Too smooth? For me, it almost is. The album has a nice laid back feel, but it’s almost languid at times. The standard formula for many jazz albums, where solos are traded off between key players, is held to here, with the signature riff of the title track ‘Sugar’ revisited like bookends in the track. Turrentine’s first solo in the song is his most inspired, in what is probably the strongest cut on the record. Again, with much of CTI output from the early 1970s, the focus can be on ensemble playing and the impressive synergy between players and ‘Sugar’ is no different there, in that you have Hubbard, Benson and Carter as sidemen to name a few.

Soul Jazz is a nice genre for this album, as the focus is on that feel or sound, and Turrentine’s playing here is even sensual at times, perhaps no surprise considering the cover. ‘Sunshine Alley’ is a fair song, with a nice organ solo and some quintessential soloing from Hubbard toward the end, but doesn’t grab me. Perhaps the reasonably sedate, but by no means poor, drumming from Kaye adds to this feel.

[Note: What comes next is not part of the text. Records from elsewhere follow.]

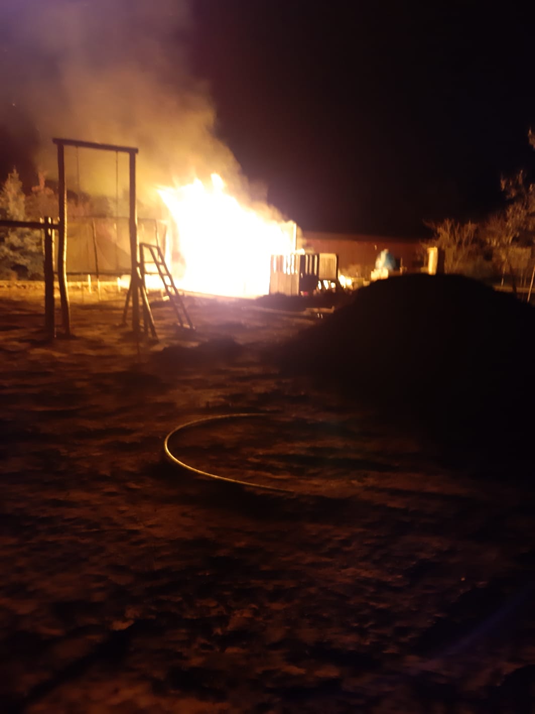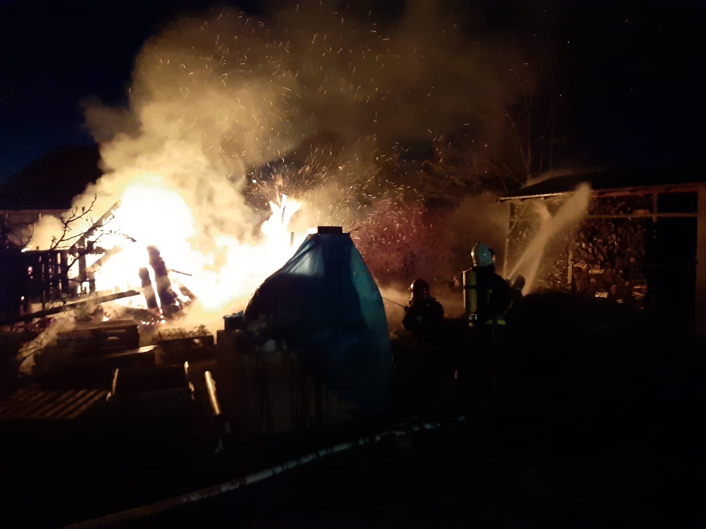 Po dotarciu pierwszych zastępów straży we wskazane miejsce zdarzenia okazało się, że pożarem objęty jest drewniany domek dla dzieci oraz drewniana wiata z drewnem. Strażacy zabezpieczyli miejsce zdarzenia, a następnie zabezpieczeni w sprzęty ODO podali jeden prąd wody w natarciu na palący się domek dla dzieci oraz dwa prądy wody, z czego jeden w obronie na drewnianą wiatę.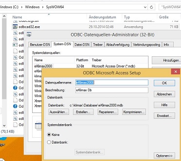 Windows-Unterordner SysWOW64 → odbcad32.exe → System DSN → eKlimax 2000 → Konfigurieren… → Auswählen… → Pfad zur Datenbank „eKlimax2000.mdb“ einstellen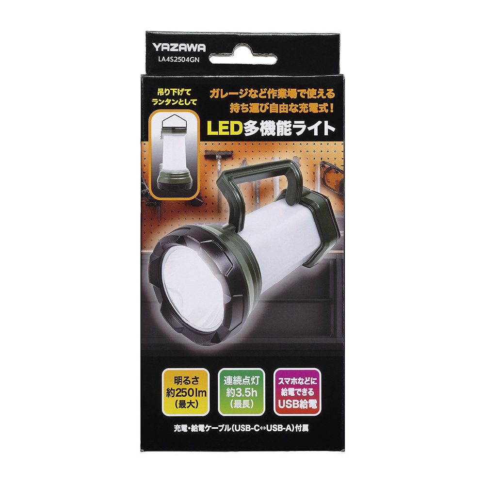 USB充電式LED強力ライト&ランタン LA4S2504GN Type-C充電 IPX4(防飛まつ仕様) USB給電可能 [LED /充電式 /防水対応]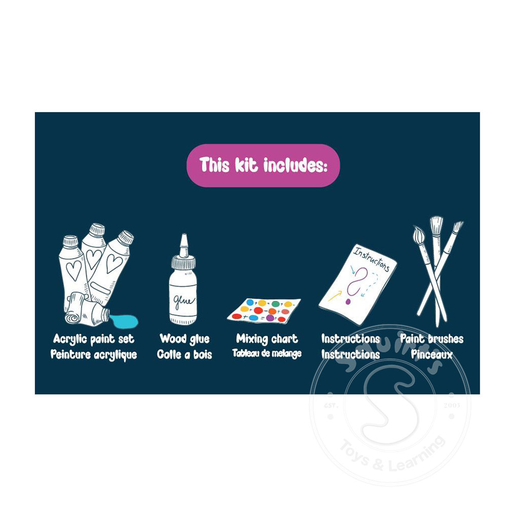 – 8 acrylic paints included (.35oz each colour)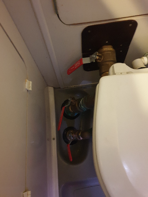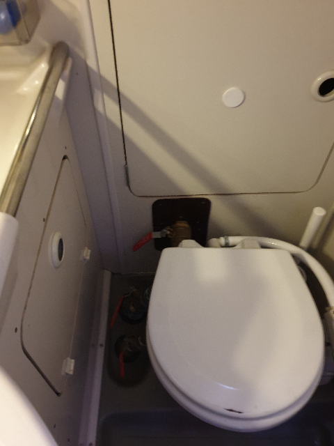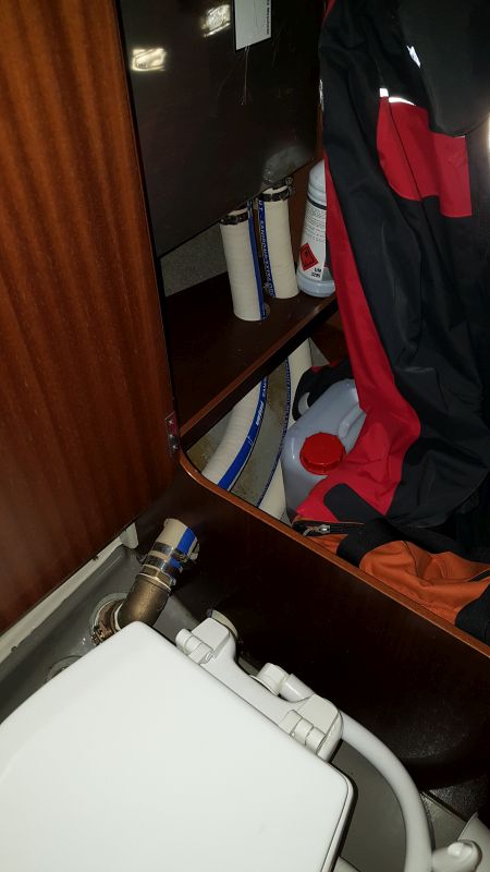 Er hat allerdings (noch) keine Möglichkeit zur Absaugung. Von der Toilette aus wird in den Tank gepumpt, der Anschuss reicht über ein innenliegendes Rohr bis kurz vor die obere Deckenwand des Tanks (damit es nicht gleich wieder rausläuft). Eine zweite Leitung entleert den Tank zurzeit außerbord, wenn ich den Borddurchlass öffne.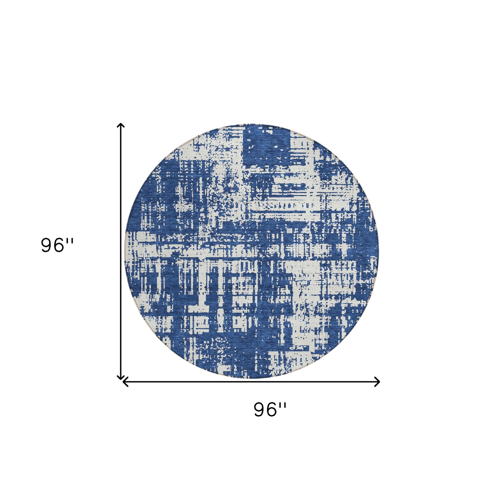 Tabselect Home Line 8' Navy Blue And Ivory Round Abstract Washable Indoor Outdoor Area Rug

‘Impressions’ is where things are kicked up a notch. You get more of a bop feel to Turrentine’s cover of the Coltrane song, and his soloing is more frenetic, the rest of the band feeding off this. Especially nice in this track is Carter’s bass, always solid but at times making his presence known by throwing in some interesting runs and flourishes.

Overall, it’s fine playing that offers a smooth, soul-inspired set of songs, with the standout ‘Sugar’ being the highpoint of an album that has no real flaws for me, save for being a little too smooth. While it doesn’t have strings of excessive overdubbing, the mood and playing doesn’t shift a lot between tracks and only the title track really stays with me. Three stars, a good album, with great playing, but not a favourite for me.

The reissue also includes a live cut of the title track, altering the line-up by adding Cobham on the kit and Hank Crawford on Alto, among others, and providing a harder, better version of the song.